--- Data for this task ---

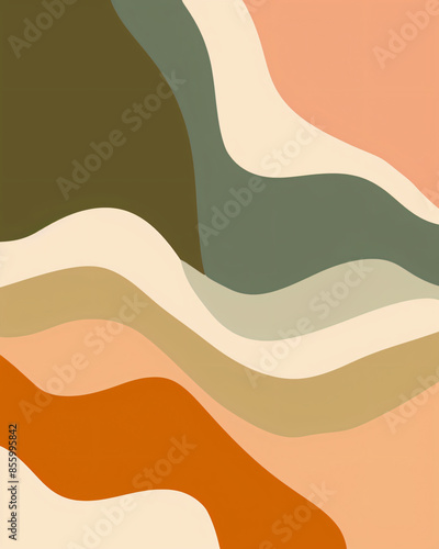 Abstract background with wavy shapes, vector illustration in the style of retro style, peach and green color palette
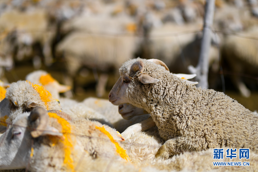 圖為金泰牧場(chǎng)內(nèi)的茶卡羊。新華網(wǎng) 宋忠勇 攝
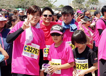 東洋一の長さを誇る「海中道路」を駆け抜ける「あやはし海中ロードレース」に屋慶名支店から3名のジョガーと、4名の応援団が参加しました。
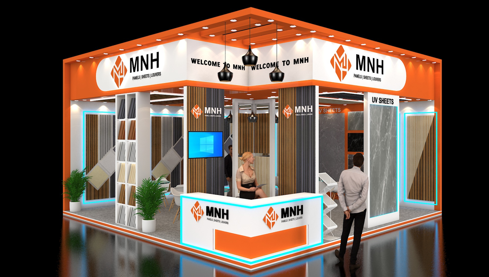 You can contact us via phone, email, or fill out the inquiry form on our website. Share your requirements including stall size, furniture quantity, and electronic equipment needed, and our team will provide a detailed quotation.
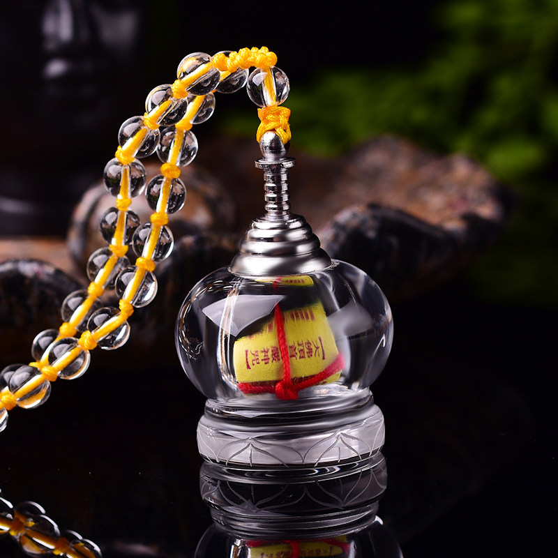 天然白水晶舍利瓶吊坠楞严咒挂件舍利塔胎毛朱砂瓶吊坠嘎乌盒 - 东海映象

---

Give the data again exactly, image-free.

 Abstract background with wavy shapes, vector illustration in the style of retro style, peach and green color palette
 圖為金泰牧場(chǎng)內(nèi)的茶卡羊。新華網(wǎng) 宋忠勇 攝
 東洋一の長さを誇る「海中道路」を駆け抜ける「あやはし海中ロードレース」に屋慶名支店から3名のジョガーと、4名の応援団が参加しました。
 You can contact us via phone, email, or fill out the inquiry form on our website. Share your requirements including stall size, furniture quantity, and electronic equipment needed, and our team will provide a detailed quotation.
 天然白水晶舍利瓶吊坠楞严咒挂件舍利塔胎毛朱砂瓶吊坠嘎乌盒 - 东海映象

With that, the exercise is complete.